_What you should do:_
Only the lines from the one containing "Γνήσια Original Xiaomi" through the end of the material should be printed, exactly as they appear. Leave out pictures.

_Available data:_
|---|

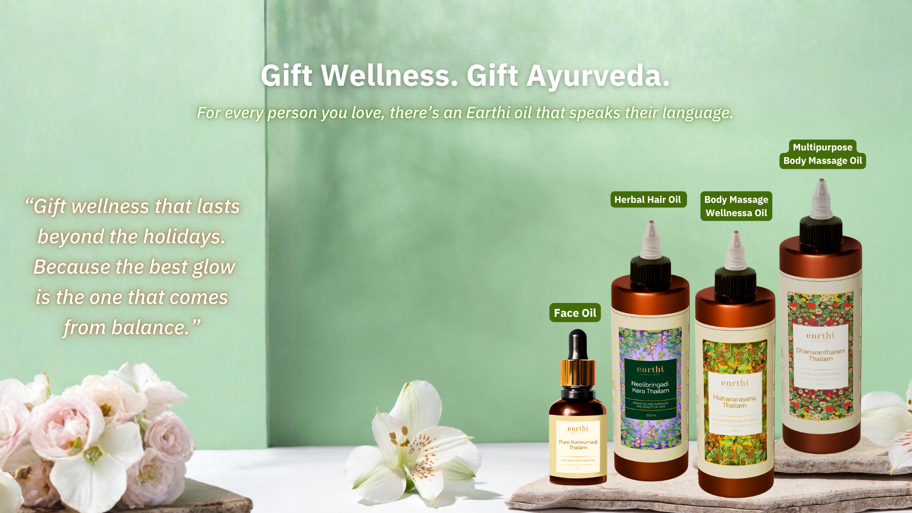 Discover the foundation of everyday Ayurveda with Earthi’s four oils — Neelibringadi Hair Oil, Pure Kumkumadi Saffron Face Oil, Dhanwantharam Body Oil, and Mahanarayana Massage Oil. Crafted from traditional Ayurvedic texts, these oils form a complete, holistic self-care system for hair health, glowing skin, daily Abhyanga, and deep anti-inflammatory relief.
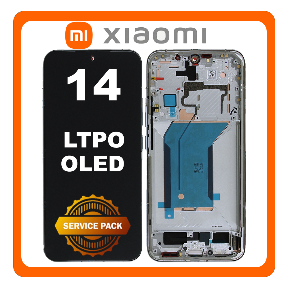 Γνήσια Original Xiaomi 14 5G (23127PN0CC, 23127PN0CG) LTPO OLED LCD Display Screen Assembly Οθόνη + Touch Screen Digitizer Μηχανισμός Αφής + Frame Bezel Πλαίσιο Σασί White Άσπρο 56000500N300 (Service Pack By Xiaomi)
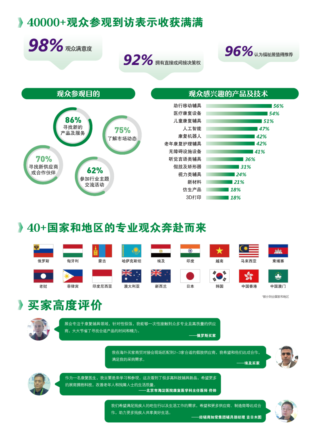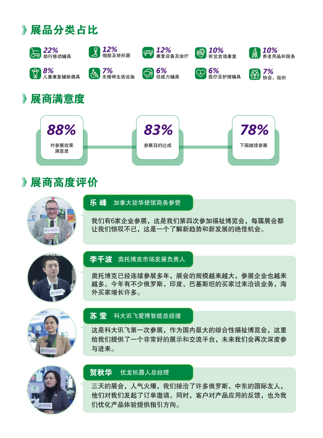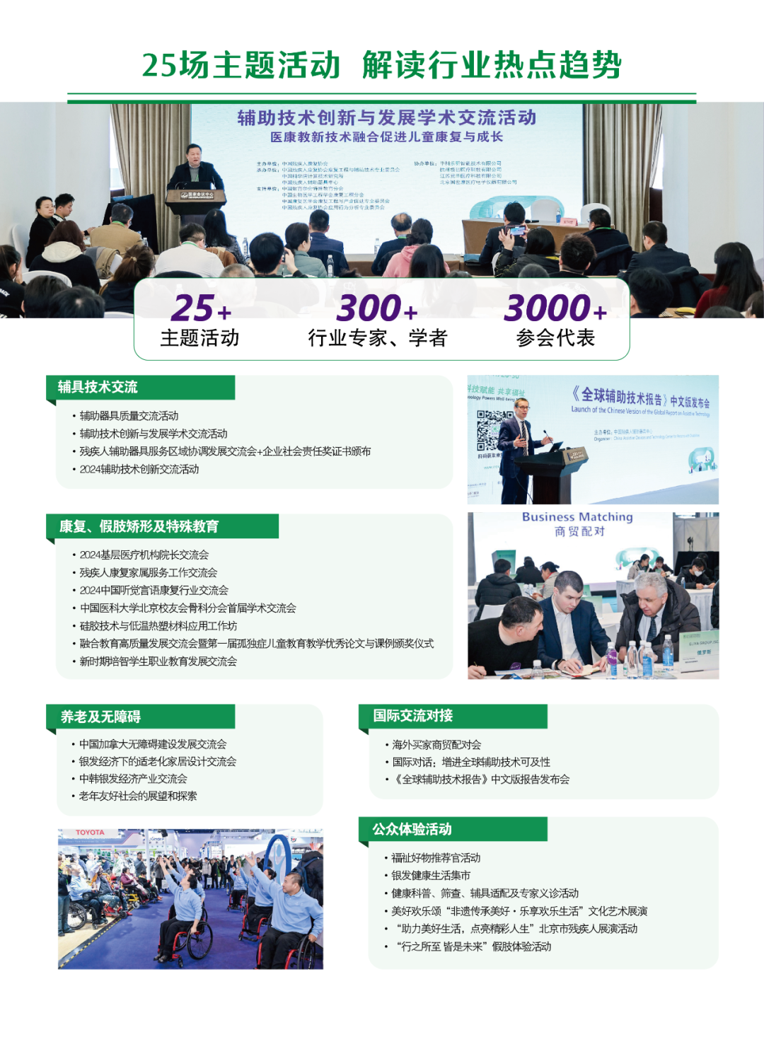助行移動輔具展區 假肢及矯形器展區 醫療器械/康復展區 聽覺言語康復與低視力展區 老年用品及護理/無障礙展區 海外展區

|---|

_Written solution:_
 Γνήσια Original Xiaomi 14 5G (23127PN0CC, 23127PN0CG) LTPO OLED LCD Display Screen Assembly Οθόνη + Touch Screen Digitizer Μηχανισμός Αφής + Frame Bezel Πλαίσιο Σασί White Άσπρο 56000500N300 (Service Pack By Xiaomi)
助行移動輔具展區 假肢及矯形器展區 醫療器械/康復展區 聽覺言語康復與低視力展區 老年用品及護理/無障礙展區 海外展區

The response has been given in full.